Please return the lines below verbatim, beginning at the one that has "Ich hatte mich" and stopping after the one that has "Винтажный кожаный браслет", and add no other lines.

RECORDED INFORMATION:
····················
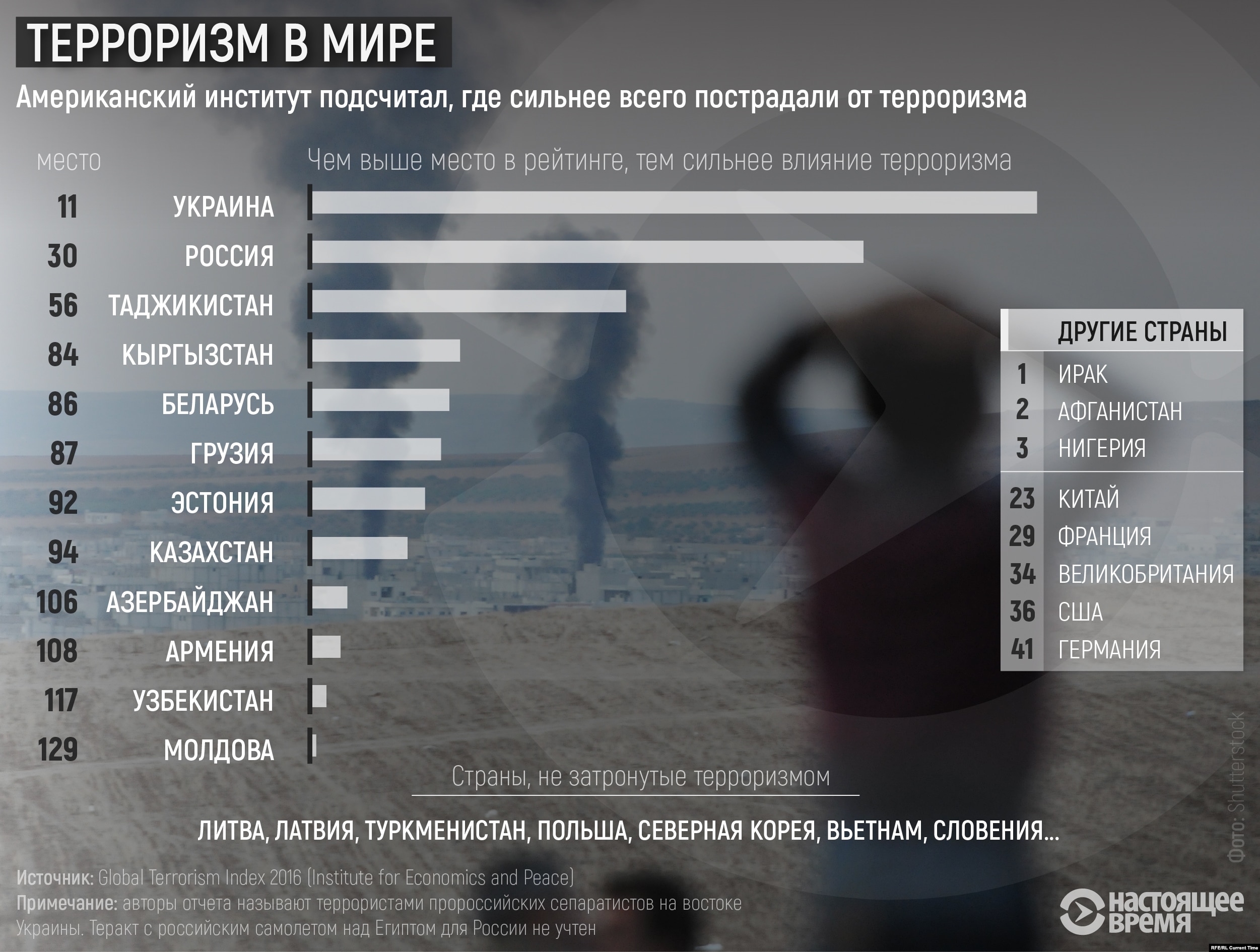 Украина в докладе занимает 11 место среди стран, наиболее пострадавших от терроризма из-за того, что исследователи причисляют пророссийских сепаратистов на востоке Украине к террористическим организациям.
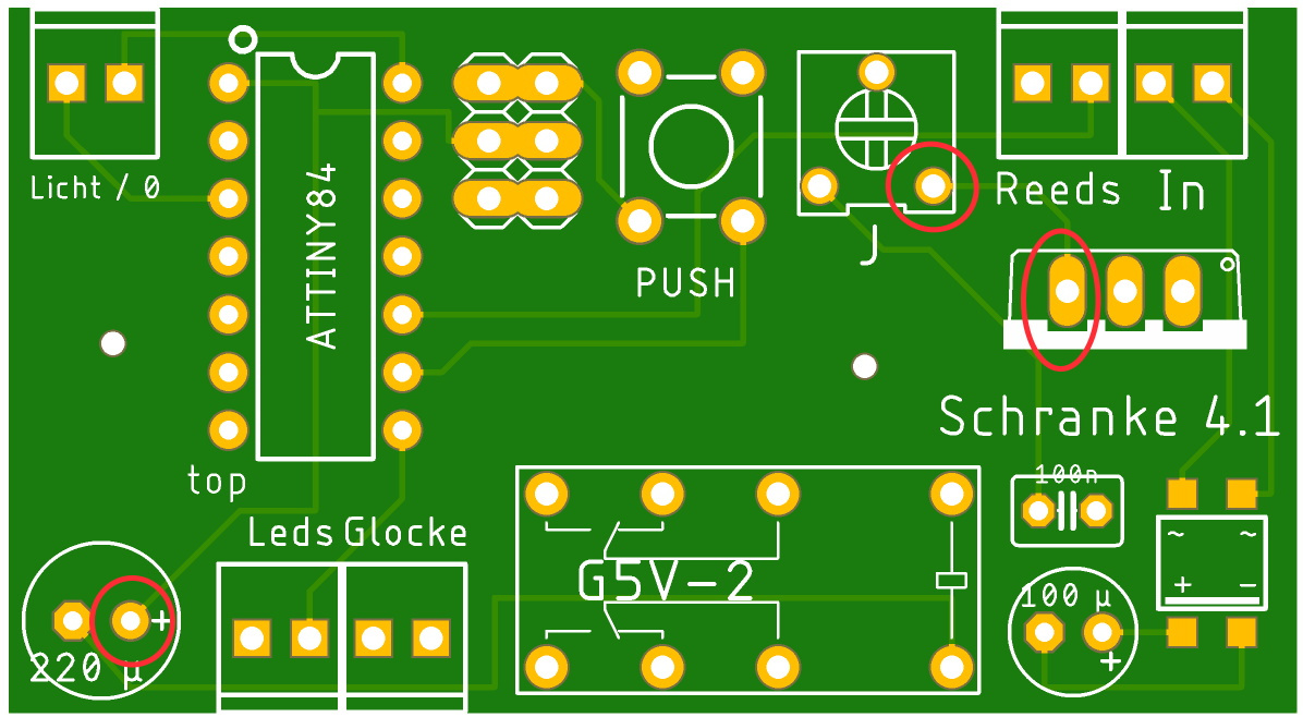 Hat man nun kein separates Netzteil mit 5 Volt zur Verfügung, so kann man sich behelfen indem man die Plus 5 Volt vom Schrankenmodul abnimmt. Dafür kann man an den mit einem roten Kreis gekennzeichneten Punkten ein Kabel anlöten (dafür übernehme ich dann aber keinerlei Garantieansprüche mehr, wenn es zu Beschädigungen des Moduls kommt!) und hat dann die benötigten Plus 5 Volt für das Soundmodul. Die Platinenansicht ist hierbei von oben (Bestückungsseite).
····················
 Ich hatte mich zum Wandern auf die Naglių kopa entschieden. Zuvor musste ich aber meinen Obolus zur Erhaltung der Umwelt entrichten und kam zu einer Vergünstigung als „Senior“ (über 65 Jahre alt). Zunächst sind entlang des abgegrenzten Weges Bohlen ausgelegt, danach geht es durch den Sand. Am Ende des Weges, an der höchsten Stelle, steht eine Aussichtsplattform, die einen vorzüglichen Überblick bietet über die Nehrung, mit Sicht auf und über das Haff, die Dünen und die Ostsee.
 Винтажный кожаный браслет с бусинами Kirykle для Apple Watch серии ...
····················
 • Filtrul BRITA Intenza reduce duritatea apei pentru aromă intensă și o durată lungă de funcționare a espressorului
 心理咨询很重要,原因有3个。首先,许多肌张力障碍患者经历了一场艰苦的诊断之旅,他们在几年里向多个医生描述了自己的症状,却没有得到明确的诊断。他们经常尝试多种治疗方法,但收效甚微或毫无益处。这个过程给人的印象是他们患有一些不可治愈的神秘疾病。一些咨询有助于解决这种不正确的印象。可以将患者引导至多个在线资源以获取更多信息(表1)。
····················
ANSWER SPACE:
 Ich hatte mich zum Wandern auf die Naglių kopa entschieden. Zuvor musste ich aber meinen Obolus zur Erhaltung der Umwelt entrichten und kam zu einer Vergünstigung als „Senior“ (über 65 Jahre alt). Zunächst sind entlang des abgegrenzten Weges Bohlen ausgelegt, danach geht es durch den Sand. Am Ende des Weges, an der höchsten Stelle, steht eine Aussichtsplattform, die einen vorzüglichen Überblick bietet über die Nehrung, mit Sicht auf und über das Haff, die Dünen und die Ostsee.
 Винтажный кожаный браслет с бусинами Kirykle для Apple Watch серии ...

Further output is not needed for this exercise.